Assignment: Type out the lines below exactly, pictures excluded.

--- Data to examine ---

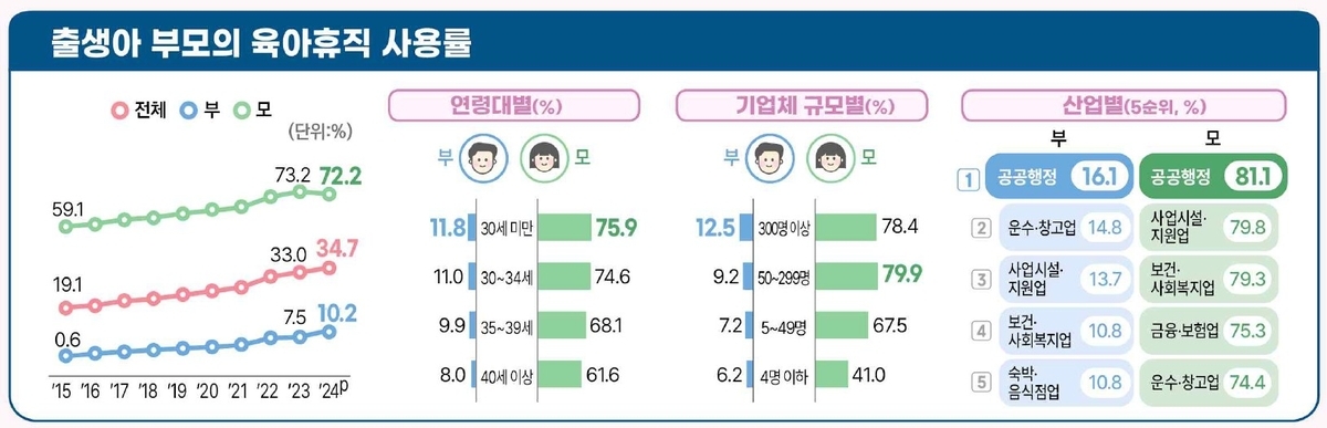 지난해 태어난 아기 부모의 지난해 육아휴직 사용률은 34.7%로, 1.7%포인트 높아졌다. 특히 아빠의 육아휴직 사용률이 10.2%로, 처음 10%를 넘어섰다.
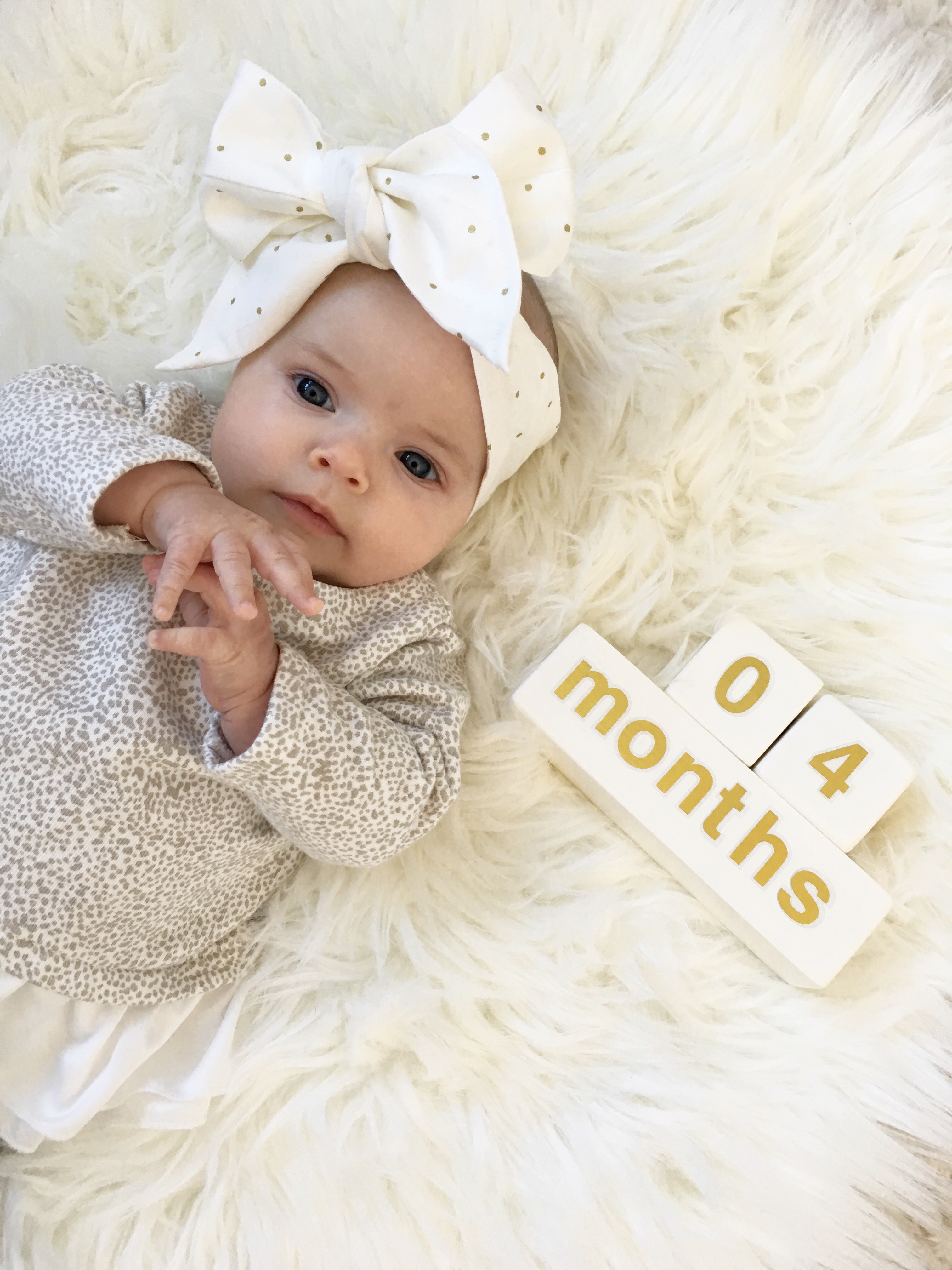Our little pumpkin turned four months old on the weekend! Wow, how time flies! She currently weighs 11 pounds, 7 ounces and is still a tiny one as she is in the 5th percentile for weight. She is now back to being average for length and that is definitely showing in her onesies!
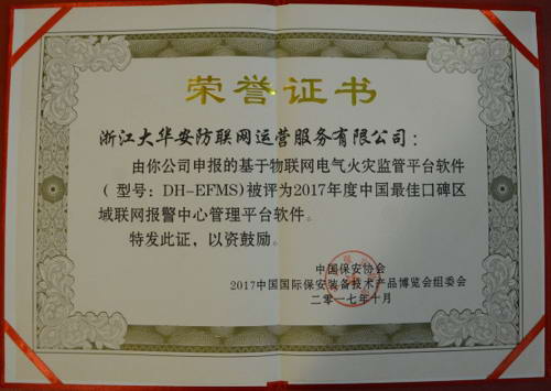 技防應用結碩果,運營服務續新篇。在本屆博覽會頒獎典禮上,大華運營公司繼2015年獲得“第二屆中國報警運營服務優秀企業”之后,再次榮獲“第三屆中國報警運營服務優秀企業”稱號; “DH-EFMS大華基于物聯網電氣火災監管平臺軟件”喜添捷報,一舉摘得“2017中國最佳口碑區域聯網報警中心管理平臺軟件”榮譽。
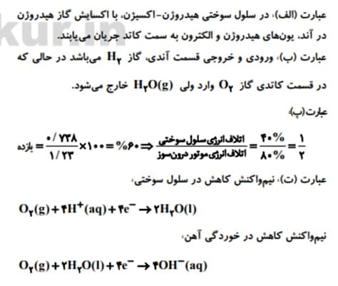 پس واکنش کلی سلول سوختی را می توان به شکل زیر نوشت:
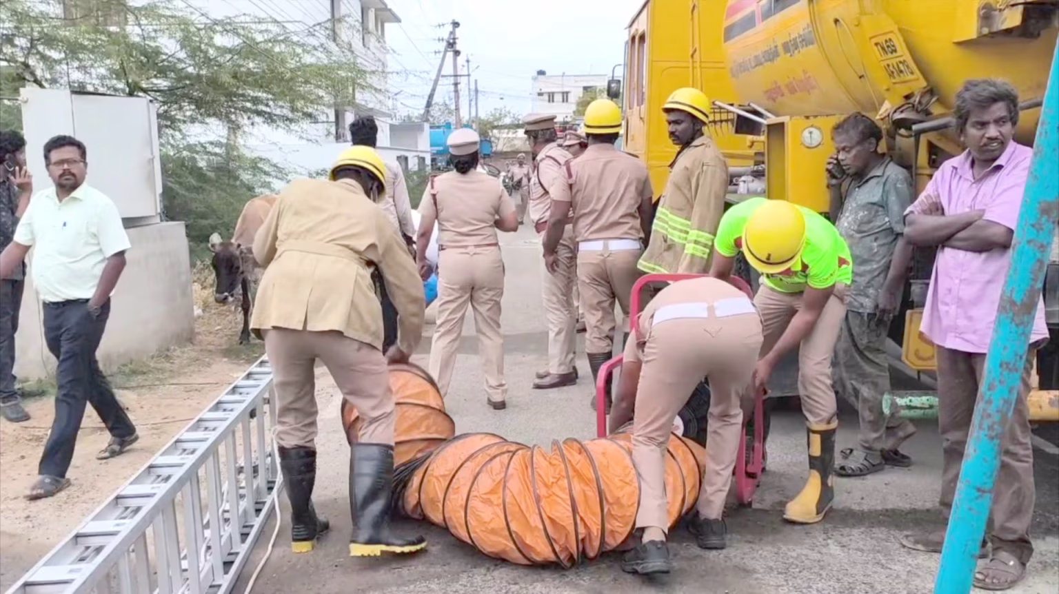 தூத்துக்குடி: ஒப்பந்ததாரர் அலட்சியத்தால் பலியான தூய்மை பணியாளர் போராடி உடலை மீட்டனர். இந்த பரபரப்பான மீட்பு காட்சிகள் கண்கலங்க வைத்துள்ளது.
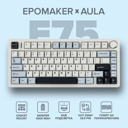 Найти - Беспроводная механическая клавиатура Epomaker x Aula F75, 75%, Bluetooth 5.0, 2.4Ghz, USB Type-C, Английская раскладка
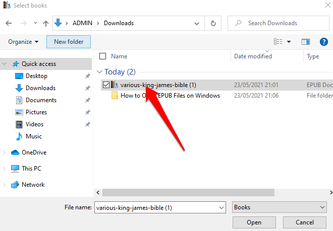 - Find and select the **EPUB****file** you want to open.
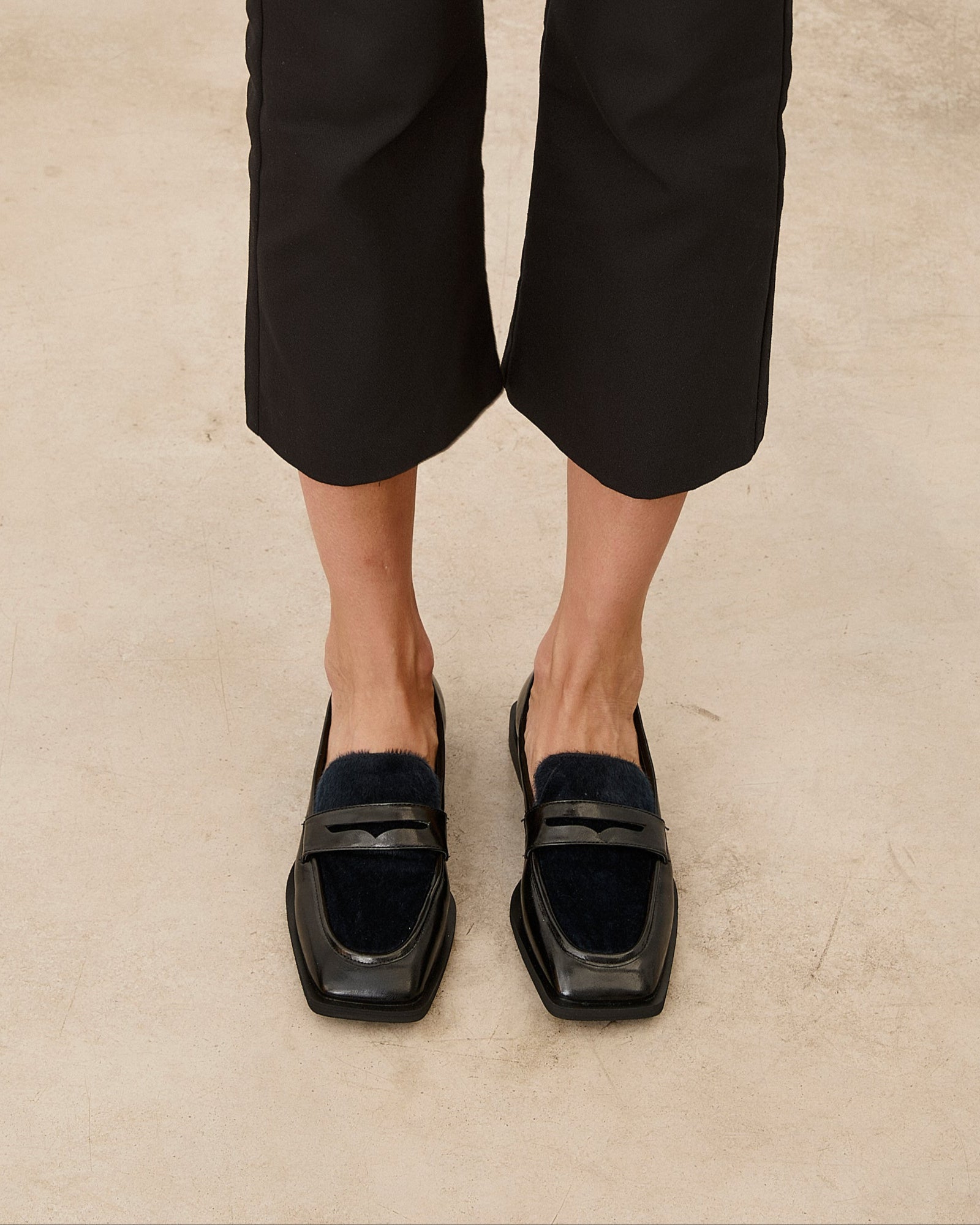 Zapato cerrado estilo mocasín en color negro. Lengüeta en pelo azul marino.
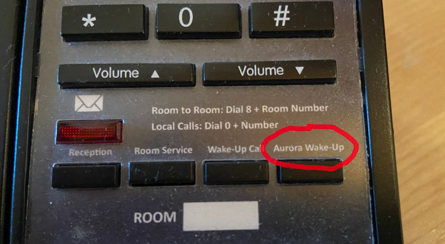 The chances of seeing the lights are also boosted by staying at a hotel which knows the value and importance of guests making the most of their opportunity. We stayed at the Hotel Rangá (pronounced Rangow, rhymes with cow) near Hella on Iceland’s south coast. On arriving we were told that there was an alert service available should the Aurora show up, linked to the telephone in our room. I was amazed to find not just that such a service existed, but it was hard-printed as a button on the phone!
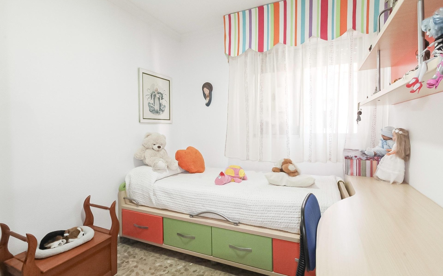 Espacio y Confort: Con sus 4 dormitorios (incluyendo uno infantil con coloridos muebles y otro habilitado como sala/despacho), ofrece el espacio ideal para una familia grande o para aquellos que necesitan un estudio u oficina en casa.
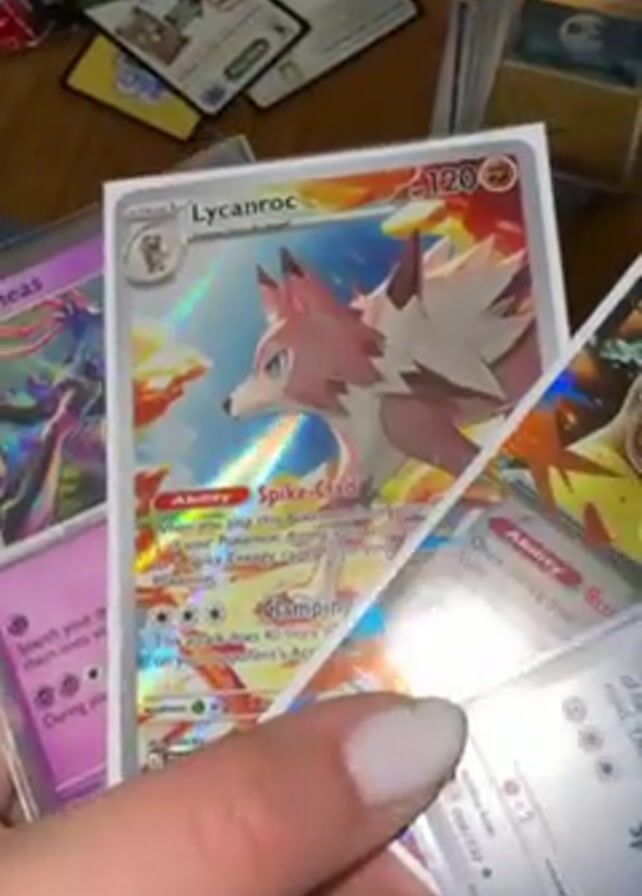 A person is holding three Pokémon cards in their hand. The top card is a Lycanroc, the second card is a Gurdurr, and the third card is a Grovyle. All the cards are in plastic sleeves. The person is sitting on a pair of denim pants. A pile of other Pokémon cards and packaging are scattered on a wooden floor in the background.
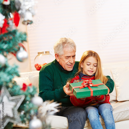Opa gibt Geschenk an Enkel zu Weihnachten
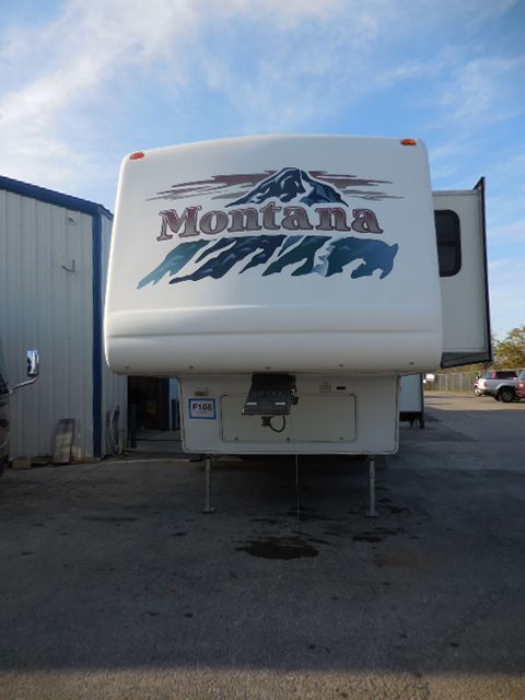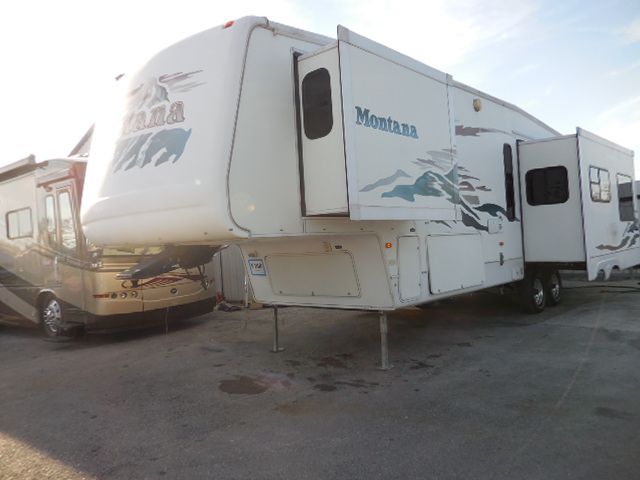 This 2004 Montana By Keystone has an Electric Landing Gear, 3 Slide-outs, 1 Ducted Roof A/C, Double Door Refrigerator, Main Awning, Washer/Dryer Connections, 2 TVs, DVD Player, Outside Shower, Microwave, 3 Burner Range, Oven and freezer in w/d closet. Great rear kitchen floorplan with desk. Let's go RVing..
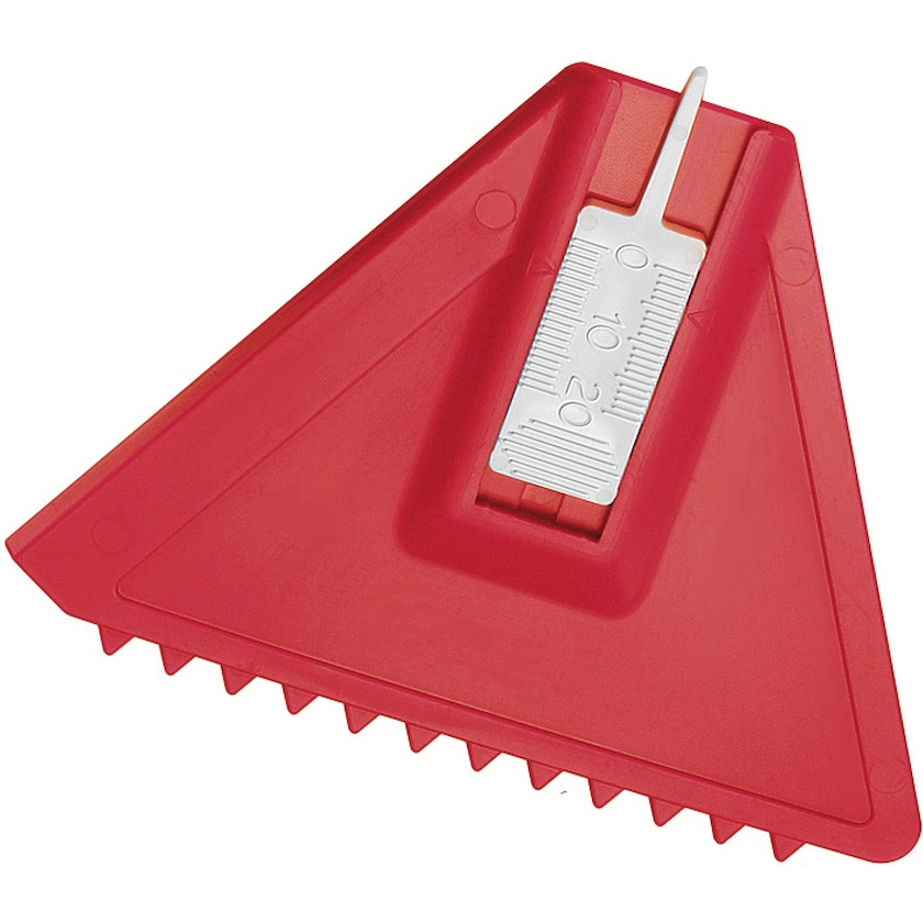 Triangulär isskrapa med däckmönsterdjupsmätare.
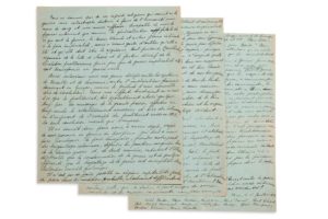 ELUARD Paul (1895 - 1952) MANUSCRIT autographe signé « Paul Eluard », Paris 18 juillet 1932; 3 pages in-4 sur papier bleu. Manifeste politique, marquant le ralliement d'une partie du groupe surréaliste au communisme, à la révolution soviétique. Malgré les fléaux qu'elle engendre, il ne faut pas oublier que la guerre « a été et qu'elle doit être le régisseur tout puissant, l'accélérateur vigoureux de la lutte des classes et le facteur décisif de la Révolution prolétarienne, pour peu que de guerre impérialiste elle soit transformée en guerre civile » Les signataires appellent à une guerre contre l'impérialisme français, où le prolétariat s'inspirerait de l'exemple russe en 1917. Ils ne sont pas pacifistes: « Il n'est pas de paix possible en régime capitaliste » où on se prépare à la guerre, d'abord contre l'U.R.S.S.: « Agressée ou non, l'U.R.S.S., seule nation qui puisse parler de la paix sans hypocrisie, peut être amenée d'un jour à l'autre, à faire la guerre pour défendre les conquêtes socialistes ». Et ils seront aux côtés de l'Armée rouge. À la veille de l'ouverture du Congrès de tous les Partis contre la guerre, ils s'élèvent contre Henri Barbusse et Romain Rolland qui condamnent la guerre; et contre les socialistes « Vandervelde, Adler, Renaudel, Breitscheid et consorts qui ont si honteusement trahi le prolétariat en 1914 et qui, depuis, se sont acharnés à vouloir sauver la capitalisme, à briser la lutte des classes et les révolutions. Pas d'Union sacrée du prolétariat révolutionnaire avec les chefs traîtres de l'Internationale socialiste et le Fédération syndicale d'Amsterdam. [...]. Un front unique ne pourra être réalisé que lorsque auront été démasqués » tous ces imposteurs. Ils veulent faire entendre leurs idées à Genève, mais les partis communistes ne sont pas suffisamment organisés. C'est pourquoi ils font appel à « l'Internationale des Écrivains Révolutionnaires pour être mandatés à ce congrès par sa section française où nous comprenons mal que nous ne puissions figurer au même titre que “les sept surréalistes (?) qui, dit notre camarade Vaillant- Couturier, sont déjà accueillis dans la section littéraire” et, à plus forte raison, que “l'idéaliste attiré par la puissance du rayonnement du marxisme (!!) qui figure dans la section philosophique”. Vive la lutte révolutionnaire du prolétariat contre la guerre impérialiste ! Vive l'alliance de la Révolution russe victorieuse et des ouvriers français contre l'impérialisme occidental ! » Suivent les noms des signataires: à côté d'Eluard lui-même, André Breton, Roger Caillois, René Char, René Crevel, Jules- Michel Monnerot, Benjamin Péret, Guy Rosey, Yves Tanguy, André Thirion, Pierre Yoyotte
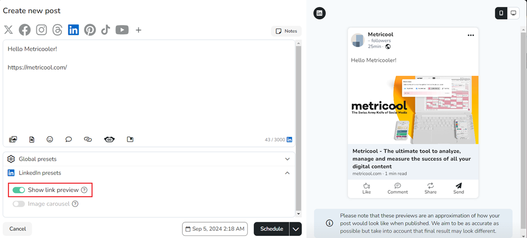 Exceptionally, in the LinkedIn settings, you have the option to enable link preview (if you add more than one link, the last one will be previewed).
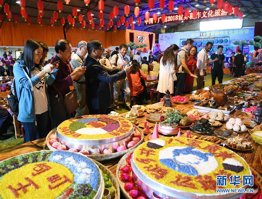 9月19日,中外宾客在观赏拍摄广南丰富的美食。 9月19日,在云南省文山壮族苗族自治州广南县莲城镇举行的中国·广南2018世界稻作文化旅游节上,100余道特色菜肴让八方来宾品味“舌尖上的广南”。 新华社记者杨宗友摄
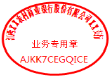 2.若为电子业务专用章,您可以使用业务识别码,通过我行柜面、手机银行渠道对电子印章真伪进行查询验证。具体样式如下:

---

Written solution:
 지난해 태어난 아기 부모의 지난해 육아휴직 사용률은 34.7%로, 1.7%포인트 높아졌다. 특히 아빠의 육아휴직 사용률이 10.2%로, 처음 10%를 넘어섰다.
Our little pumpkin turned four months old on the weekend! Wow, how time flies! She currently weighs 11 pounds, 7 ounces and is still a tiny one as she is in the 5th percentile for weight. She is now back to being average for length and that is definitely showing in her onesies!
 技防應用結碩果,運營服務續新篇。在本屆博覽會頒獎典禮上,大華運營公司繼2015年獲得“第二屆中國報警運營服務優秀企業”之后,再次榮獲“第三屆中國報警運營服務優秀企業”稱號; “DH-EFMS大華基于物聯網電氣火災監管平臺軟件”喜添捷報,一舉摘得“2017中國最佳口碑區域聯網報警中心管理平臺軟件”榮譽。
 پس واکنش کلی سلول سوختی را می توان به شکل زیر نوشت:
 தூத்துக்குடி: ஒப்பந்ததாரர் அலட்சியத்தால் பலியான தூய்மை பணியாளர் போராடி உடலை மீட்டனர். இந்த பரபரப்பான மீட்பு காட்சிகள் கண்கலங்க வைத்துள்ளது.
 Найти - Беспроводная механическая клавиатура Epomaker x Aula F75, 75%, Bluetooth 5.0, 2.4Ghz, USB Type-C, Английская раскладка
 - Find and select the **EPUB****file** you want to open.
 Zapato cerrado estilo mocasín en color negro. Lengüeta en pelo azul marino.
 The chances of seeing the lights are also boosted by staying at a hotel which knows the value and importance of guests making the most of their opportunity. We stayed at the Hotel Rangá (pronounced Rangow, rhymes with cow) near Hella on Iceland’s south coast. On arriving we were told that there was an alert service available should the Aurora show up, linked to the telephone in our room. I was amazed to find not just that such a service existed, but it was hard-printed as a button on the phone!
 Espacio y Confort: Con sus 4 dormitorios (incluyendo uno infantil con coloridos muebles y otro habilitado como sala/despacho), ofrece el espacio ideal para una familia grande o para aquellos que necesitan un estudio u oficina en casa.
 A person is holding three Pokémon cards in their hand. The top card is a Lycanroc, the second card is a Gurdurr, and the third card is a Grovyle. All the cards are in plastic sleeves. The person is sitting on a pair of denim pants. A pile of other Pokémon cards and packaging are scattered on a wooden floor in the background.
Opa gibt Geschenk an Enkel zu Weihnachten
 This 2004 Montana By Keystone has an Electric Landing Gear, 3 Slide-outs, 1 Ducted Roof A/C, Double Door Refrigerator, Main Awning, Washer/Dryer Connections, 2 TVs, DVD Player, Outside Shower, Microwave, 3 Burner Range, Oven and freezer in w/d closet. Great rear kitchen floorplan with desk. Let's go RVing..
 Triangulär isskrapa med däckmönsterdjupsmätare.
 ELUARD Paul (1895 - 1952) MANUSCRIT autographe signé « Paul Eluard », Paris 18 juillet 1932; 3 pages in-4 sur papier bleu. Manifeste politique, marquant le ralliement d'une partie du groupe surréaliste au communisme, à la révolution soviétique. Malgré les fléaux qu'elle engendre, il ne faut pas oublier que la guerre « a été et qu'elle doit être le régisseur tout puissant, l'accélérateur vigoureux de la lutte des classes et le facteur décisif de la Révolution prolétarienne, pour peu que de guerre impérialiste elle soit transformée en guerre civile » Les signataires appellent à une guerre contre l'impérialisme français, où le prolétariat s'inspirerait de l'exemple russe en 1917. Ils ne sont pas pacifistes: « Il n'est pas de paix possible en régime capitaliste » où on se prépare à la guerre, d'abord contre l'U.R.S.S.: « Agressée ou non, l'U.R.S.S., seule nation qui puisse parler de la paix sans hypocrisie, peut être amenée d'un jour à l'autre, à faire la guerre pour défendre les conquêtes socialistes ». Et ils seront aux côtés de l'Armée rouge. À la veille de l'ouverture du Congrès de tous les Partis contre la guerre, ils s'élèvent contre Henri Barbusse et Romain Rolland qui condamnent la guerre; et contre les socialistes « Vandervelde, Adler, Renaudel, Breitscheid et consorts qui ont si honteusement trahi le prolétariat en 1914 et qui, depuis, se sont acharnés à vouloir sauver la capitalisme, à briser la lutte des classes et les révolutions. Pas d'Union sacrée du prolétariat révolutionnaire avec les chefs traîtres de l'Internationale socialiste et le Fédération syndicale d'Amsterdam. [...]. Un front unique ne pourra être réalisé que lorsque auront été démasqués » tous ces imposteurs. Ils veulent faire entendre leurs idées à Genève, mais les partis communistes ne sont pas suffisamment organisés. C'est pourquoi ils font appel à « l'Internationale des Écrivains Révolutionnaires pour être mandatés à ce congrès par sa section française où nous comprenons mal que nous ne puissions figurer au même titre que “les sept surréalistes (?) qui, dit notre camarade Vaillant- Couturier, sont déjà accueillis dans la section littéraire” et, à plus forte raison, que “l'idéaliste attiré par la puissance du rayonnement du marxisme (!!) qui figure dans la section philosophique”. Vive la lutte révolutionnaire du prolétariat contre la guerre impérialiste ! Vive l'alliance de la Révolution russe victorieuse et des ouvriers français contre l'impérialisme occidental ! » Suivent les noms des signataires: à côté d'Eluard lui-même, André Breton, Roger Caillois, René Char, René Crevel, Jules- Michel Monnerot, Benjamin Péret, Guy Rosey, Yves Tanguy, André Thirion, Pierre Yoyotte
 Exceptionally, in the LinkedIn settings, you have the option to enable link preview (if you add more than one link, the last one will be previewed).
 9月19日,中外宾客在观赏拍摄广南丰富的美食。 9月19日,在云南省文山壮族苗族自治州广南县莲城镇举行的中国·广南2018世界稻作文化旅游节上,100余道特色菜肴让八方来宾品味“舌尖上的广南”。 新华社记者杨宗友摄
 2.若为电子业务专用章,您可以使用业务识别码,通过我行柜面、手机银行渠道对电子印章真伪进行查询验证。具体样式如下:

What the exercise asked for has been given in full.